Tuttavia le similitudini con l'invasione del 2003 e la conseguente occupazione tengono solo fino a un certo punto. La convinzione che le forze sul campo porterebbero inevitabilmente al rancore delle popolazioni locali e quindi alla resistenza deriva da quell'esperienza di invasione unilaterale con un sostegno internazionale limitato e poca partecipazione locale.
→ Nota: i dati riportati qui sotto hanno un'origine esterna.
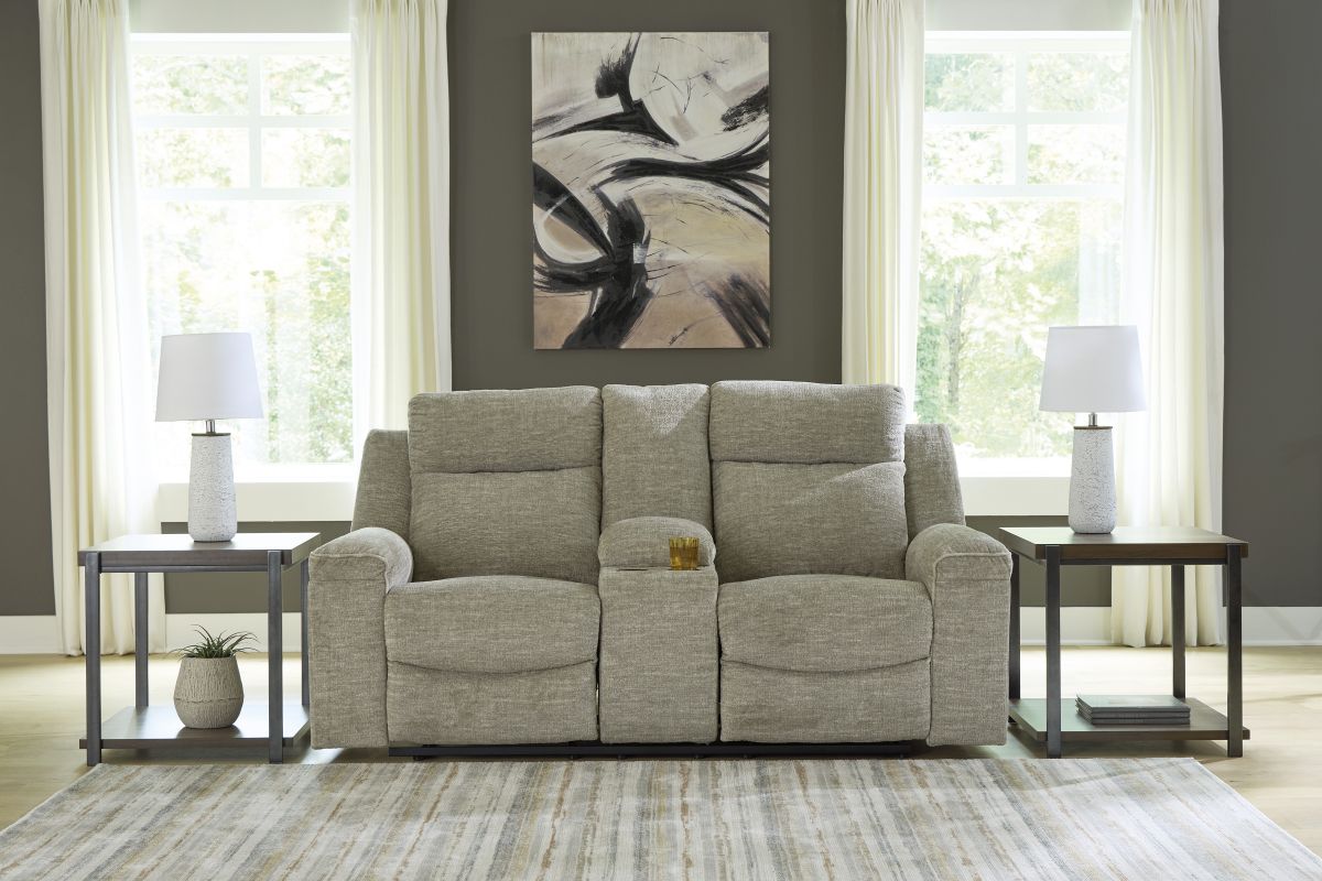 Cozy up in contemporary style. With super-plush fabric and padded arms, this reclining loveseat with console levels up your day-to-day lounging. Sit back and relax with a simple pull tab motion. Thanks to this loveseat's inviting neutral hue, you have the flexibility to pair it with a variety of styles and colors. Comfort has never looked so chic.
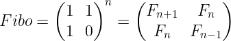 누가 봐도 O(logN)으로 줄일 필요가 있어 보인다. 피보나치 수열은 행렬로도 나타낼 수 있다고 들은 기억이 있어 해당 정보를 통해 피보나치 수열의 행렬식을 찾아보았다. 피보나치 수열의 행렬식은 다음과 같다.
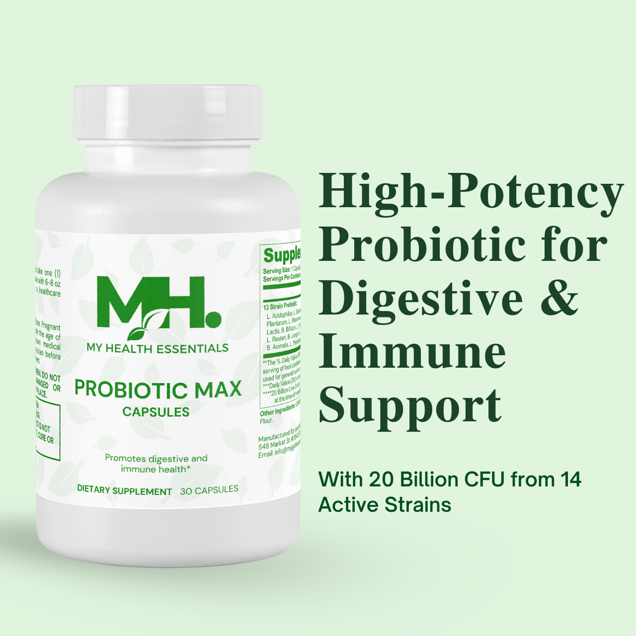 - 🟢 Probiotic Max: 1 capsule daily with food to support gut balance and immune strength
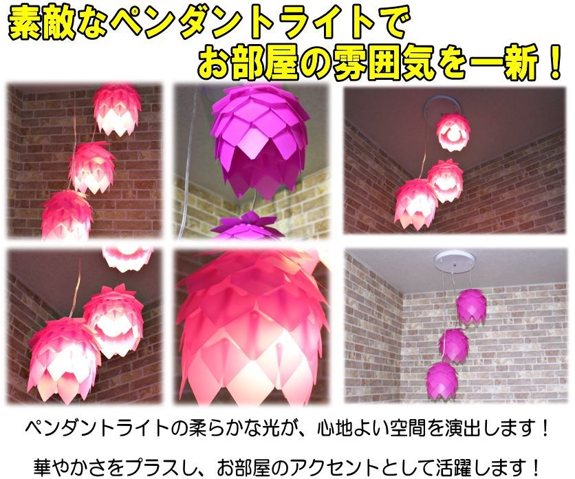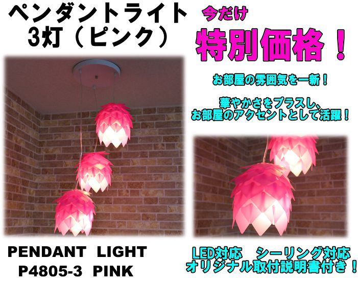 ◆在庫一掃セール お手軽な価格で、お部屋をより魅力的に演出! ◆素敵なペンダントライトでお部屋の雰囲気を一新しませんか? お部屋の雰囲気を変える新しいアイテムです! ◆ペンダントライトの柔らかな光が、心地よい空間を演出します! ◆華やかさをプラスし、お部屋のアクセントとして活躍します! ◆シーリングタイプで取付簡単! ◆商品の組み立てをして頂かなくてはいけませんが、 弊社オリジナル説明書をお付けしているので安心です♪ 【商品名】 ◆ペンダントライト 3灯 シーリングタイプ LED対応 ◆カラー : ピンク 【商品内容】 ・本体一式 ・E26 LED電球 × 3個 ・オリジナル簡易説明書 【商品サイズ】 ■□ ライト部分 □■ ・高さ:約18cm ・横:約19cm ・長さ:90cm(※長さ調節可能) ■□ 取付部分 □■ ・高さ:約2.5cm ・直径:約25cm ・全長:約90cm ・重量:約0.9kg ![]() |
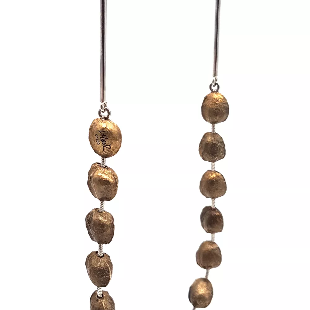 14 different cherry pits in gilded bronze and Sterling silver
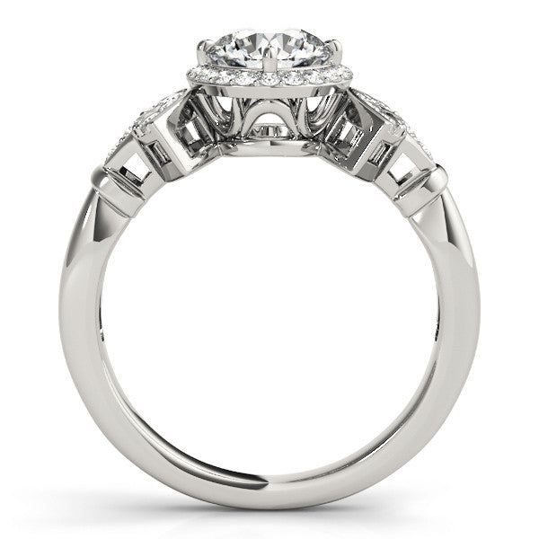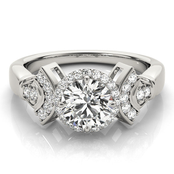 White gold Round Halo Diamond Split Shank Engagement Ring with Four-Prong Setting
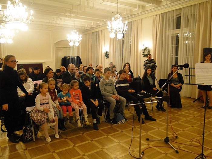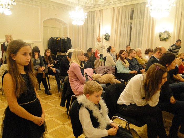 В этот вечер 17 российских и чешских учеников в возрасте от 6 до 15 лет выступили перед слушателями. Нарядные и немного взволнованные они старательно исполняли на рояле первые в своей жизни классические пьесы, а также рождественские колядки, пели веселые детские песенки и читали стихи. В независимости от сложности и продолжительности выступления всех их горячо поддерживали добрые зрители – мамы, папы, братья, сестры и друзья.
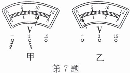 7. (1) 如图甲所示,电压表的分度值为______V,读数为______V;若使用前出现如图乙所示的情况,则原因是______。
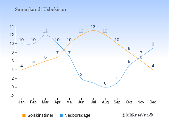 Graferne viser det gennemsnitlige antal solskinstimer i Samarkand pr. dag samt det gennemsnitlige antal dage med nedbør i Samarkand sammenlignet med København.
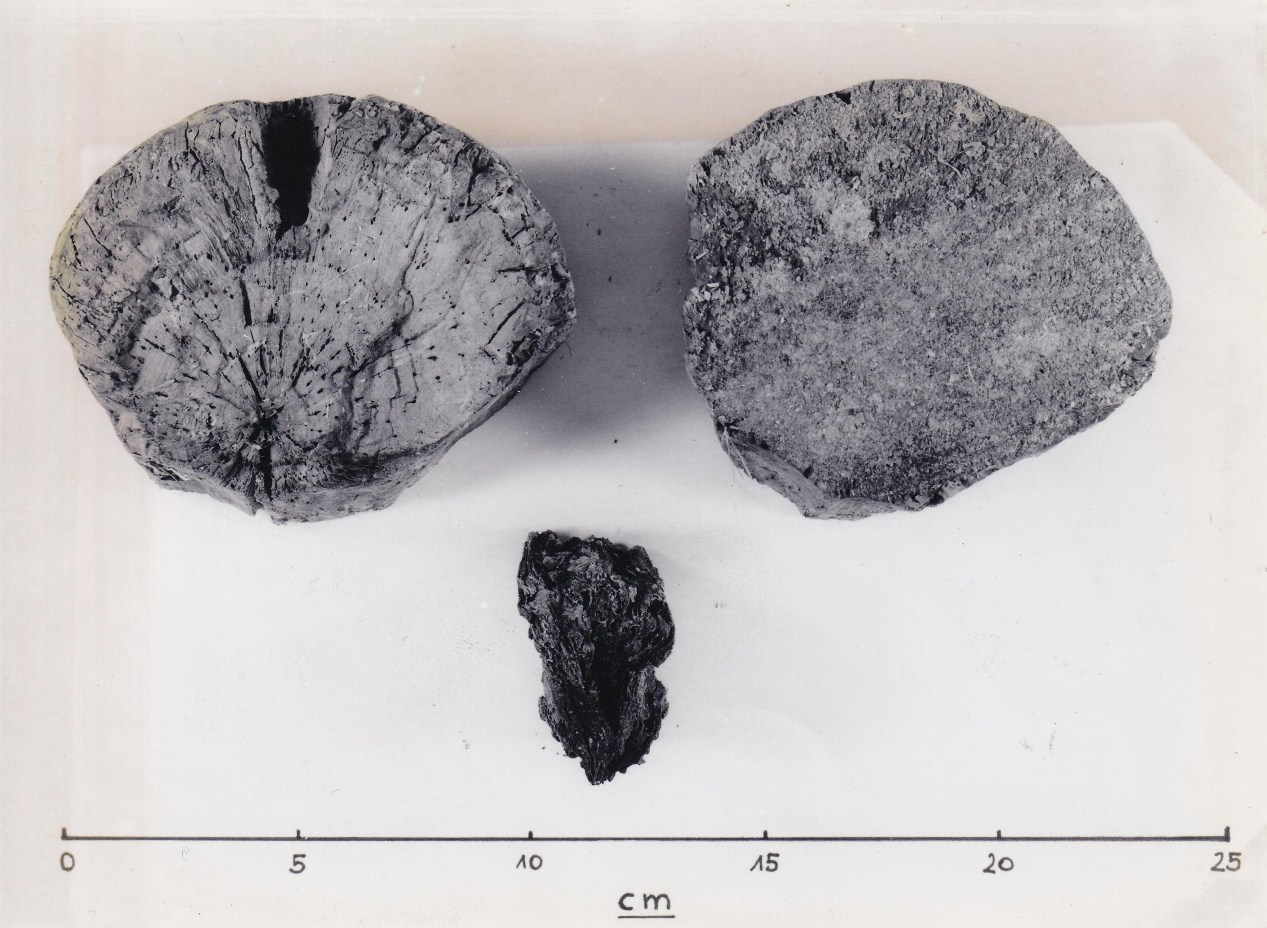 Fotodokumentation der BDA Restaurierungswerkstätten: Konservierungsversuche von Pfahlproben. Beschriftung: 2 (oben) gefriergetrocknet nach PEG 400 (15%)-Bad, 1 (unten) luftgetrocknet
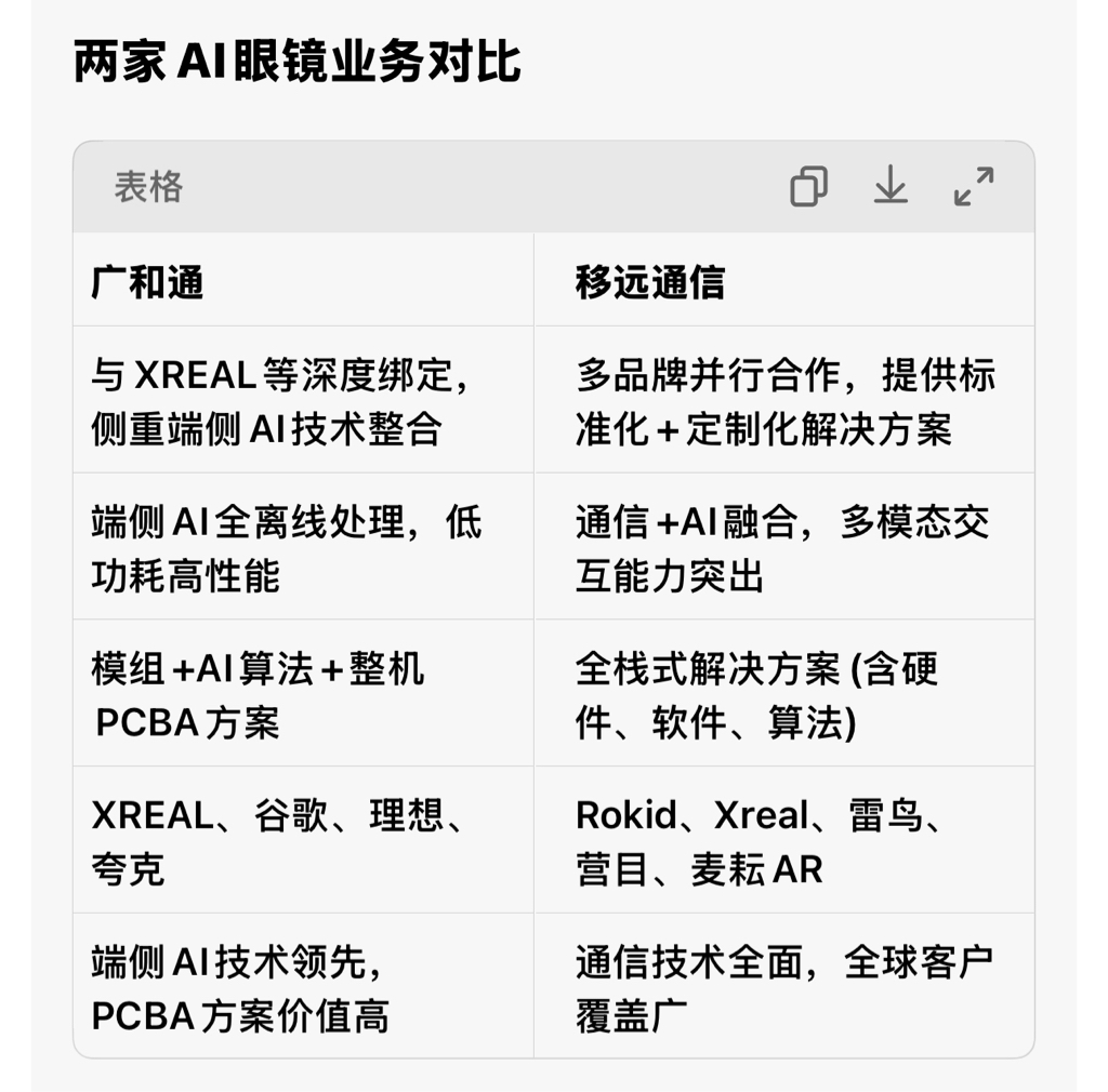 广和通和移远通信在AI眼镜谁最有前景:答案是广和通最有前景,2大最强的大模型公司都给广和通拿下了,就是阿里巴巴和谷歌
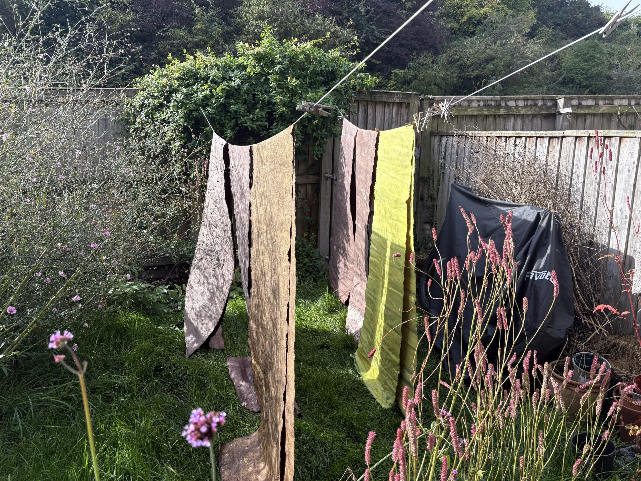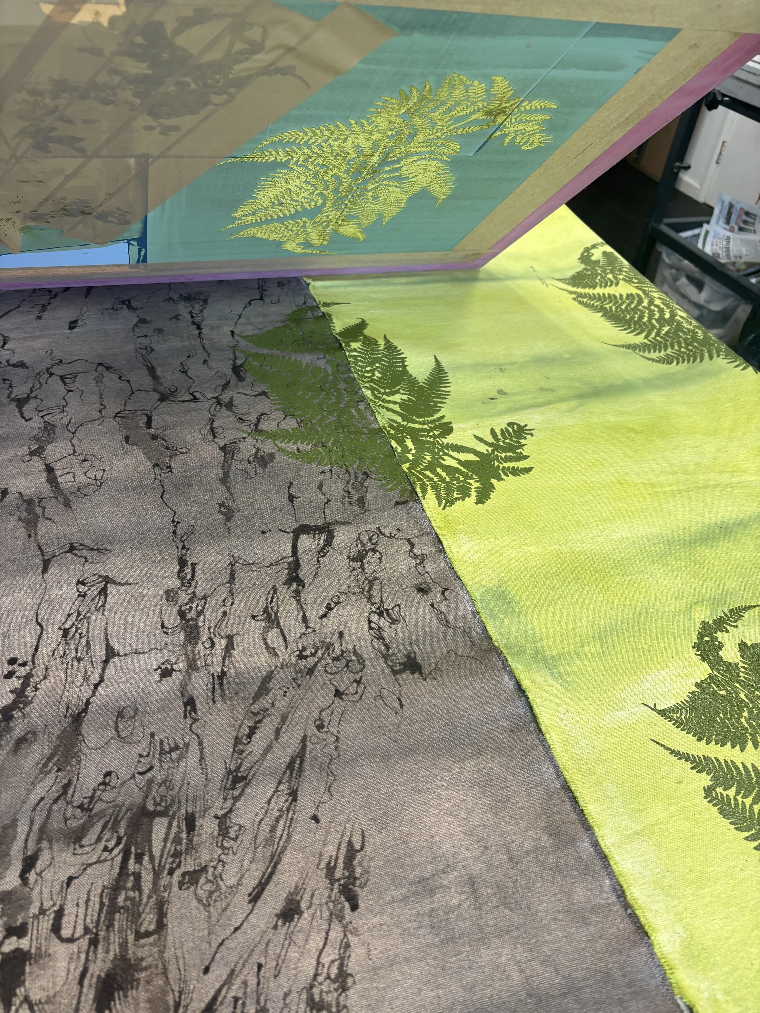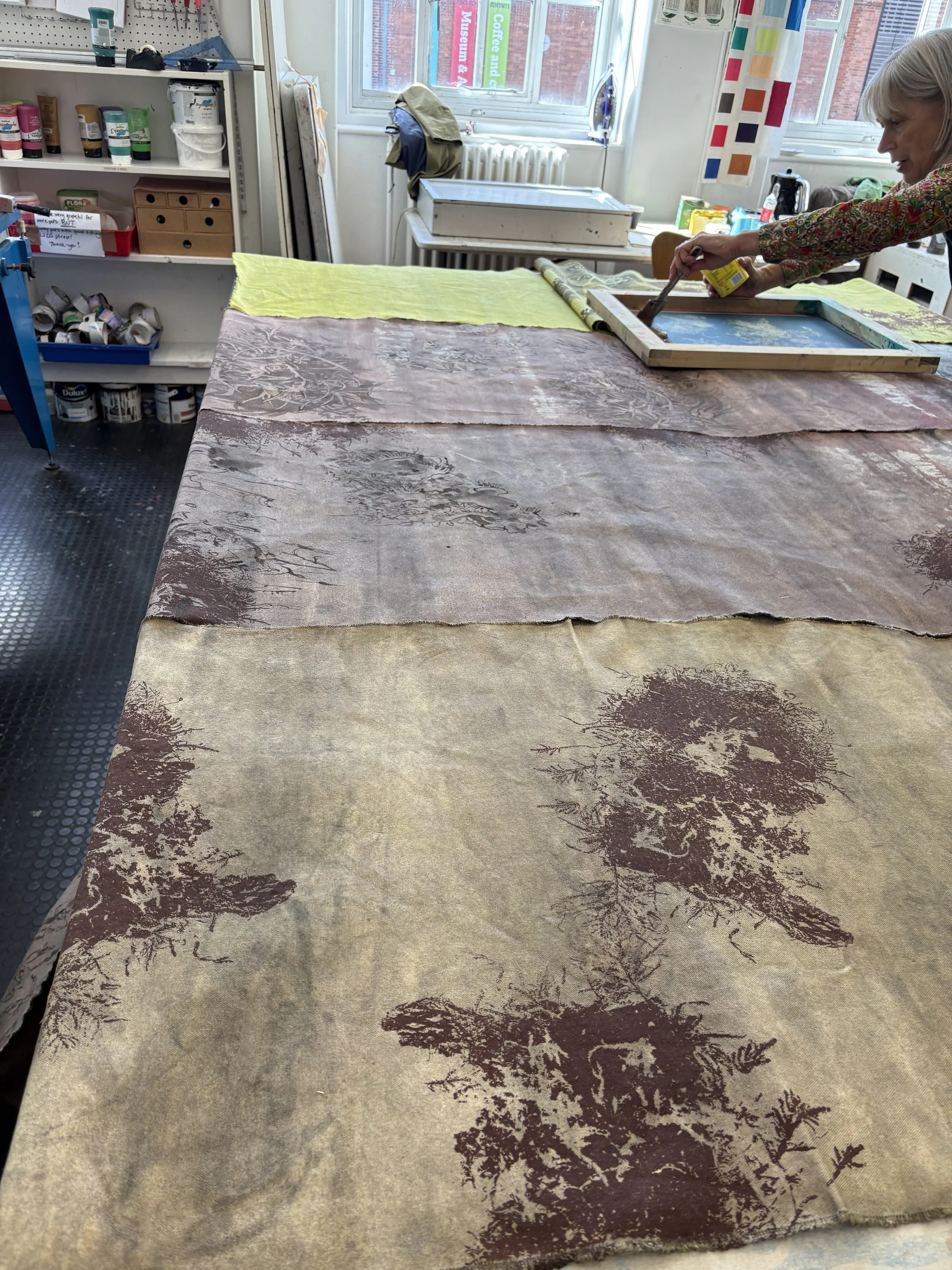 Then Arun, Ellen and I experimented with pigments, inks and exposure times for the drawings and plants to create screens, at Double Elephant Print Workshop. helped by the amazing Esme Cooper! I then dyed the fabric at home - layer after watery layer, dripping dry on my washing line and everything around it. We were all quite Otterhead coloured by September in our house.
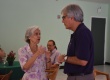 O Reitor Padre Josafá S.J. participa da confraternização com os funcionários. |
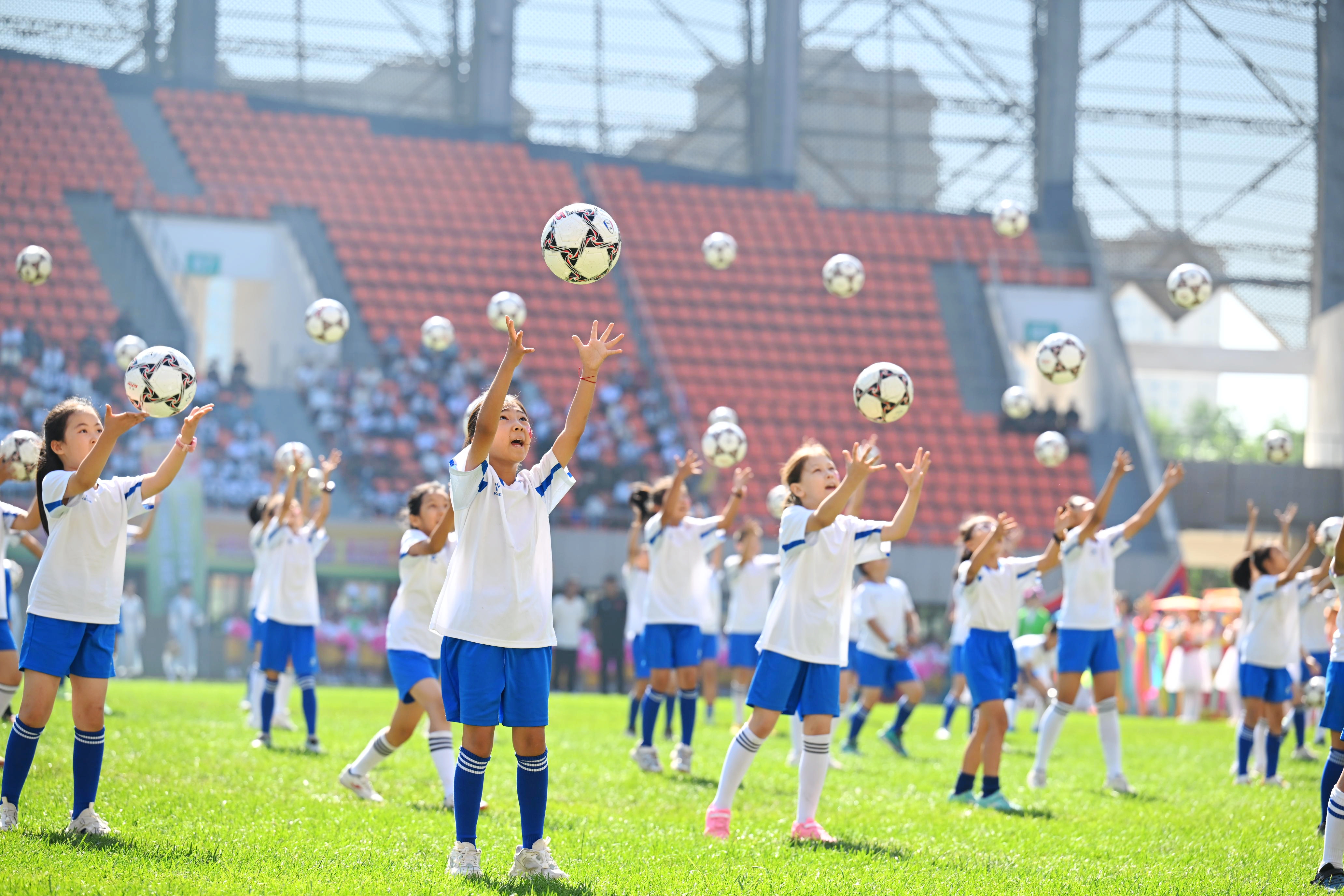 8月12日,“祖国情·中华行”新疆首届校园“援疆杯”中学生(初中组)足球联赛开幕式现场。何龙 摄

L'intervento occidentale a sostegno di alleati locali già affermati assomiglia più al dispiegamento di alcune truppe americane nel nord dell'Iraq nel 2003 per supportare i peshmerga, che sono riusciti ad ottenere, sempre nei limiti degli standard della regione, uno stato stabile e funzionante.

La recente esperienza francese in Mali ha dimostrato che è possibile riconquistare repentinamente i centri urbani caduti nelle mani di gruppi jihadisti, ma rimane difficile governare il paese in assenza di alleati locali efficienti. Senza un'impegno coordinato a livello internazionale per porre fine alla guerra tra i ribelli siriani e Assad, probabilmente il dispiegamento di truppe occidentali sarà fallimentare. Potrebbe essere considerato una vittoria se si ritiene che i fragili e parziali accordi di pace in Bosnia o in Libano siano stati un successo.

Secondo altri, il dispiegamento di truppe sul campo non sarebbe una buona idea perché è ciò che vorrebbe IS. Il gruppo vuole che l'Occidente rimanga imbrigliato in Medio Oriente, e crede che questo contribuirà alla sua vittoria finale. Tuttavia questo ragionamento si regge sul presupposto che le decisioni strategiche di IS siano valide e sensate.

Il terzo e ultimo motivo per cui un intervento di terra sarebbe un errore è che ci sarebbero molti morti su campo, e che l'intervento sarebbe criticato pesantemente in Occidente. Tuttavia, le critiche sono già iniziate indipendentemente dall'invio di truppe sul terreno. Saranno gli elettori della comunità internazionale a dover decidere se sia preferibile la morte in Medio Oriente di soldati ben equipaggiati e pronti a difendersi o l'uccisione di civili occidentali nelle loro città o nei luoghi di villeggiatura.

IS continuerà a colpire gli interessi occidentali dove e quando potrà, indipendentemente dalle decisioni prese dai leader dei paesi occidentali. Resta da decidere se sia preferibile diluire l'attuale strategia e sconfiggere il gruppo nei prossimi anni, o se ci sia bisogno di distruggere la capacità del gruppo di attaccare l'Occidente nei prossimi mesi. IS è in guerra con l'Occidente, che lo si voglia o no. L'Occidente annienterà IS, che il gruppo lo voglia o no. Rimane da decidere come e quando accadrà.